In Tunisia the insiders were those well connected to the ruling family and in Egypt the insiders were the members of the military, who had a share in the ownership or management of privatized enterprises. The youth protesting in Tunis and Cairo wanted to start businesses, enter industries, compete for places in companies and see an end to excessive licensing.
Now, in corporatist Tunisia, foreign banking interests are teaming up with Tunisian insiders to launch a new round of infrastructure projects, including important initiatives in the desert. These projects would not contribute to the advancement of the young Tunisians, who are looking for a career, not temporary construction work. In Egypt, the interim government and the military seek loans to start new infrastructure projects. In the past, if projects do not pay back, the IMF made it possible for governments in fiscal trouble to pay back their creditors. With the repayment of the loan from the IMF, the latter signaled it was safe for private creditors to resume lending, secure in the knowledge the IMF will guarantee repayment again.
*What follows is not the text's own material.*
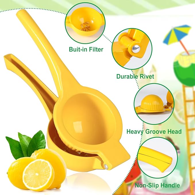- [Easy to Extract] The lemon squeezer is designed with a long handle and heavy presser, so that you can manual the juicer process easily, even the children can squeeze the fruits easily.

In corporatist Europe, a new sort of alliance has emerged. The politicians want sovereign bonds rated risk-free in order to be able to borrow at very low interest rates and the banks want sovereign debt to be rated so risk-free that no capital is required against bank holdings of these assets. This was accomplished through an implicit commitment to bail out a government in the event that it has serious difficulty servicing its sovereign debt. This alliance may seem to benefit the insiders, both the politicians and the banks. But the implicit bond guarantees impose costs on the public. The economic system would work better if creditors bore the risk of the state’s default and set interest rates correspondingly high. That way, the state would no longer have an artificial advantage in debt markets over the private enterprises that borrow – an advantage on top of the advantage the state derives from its size and whatever reputation it can establish. And the governments will no longer be subsidized to take the risks caused by heavy debt levels.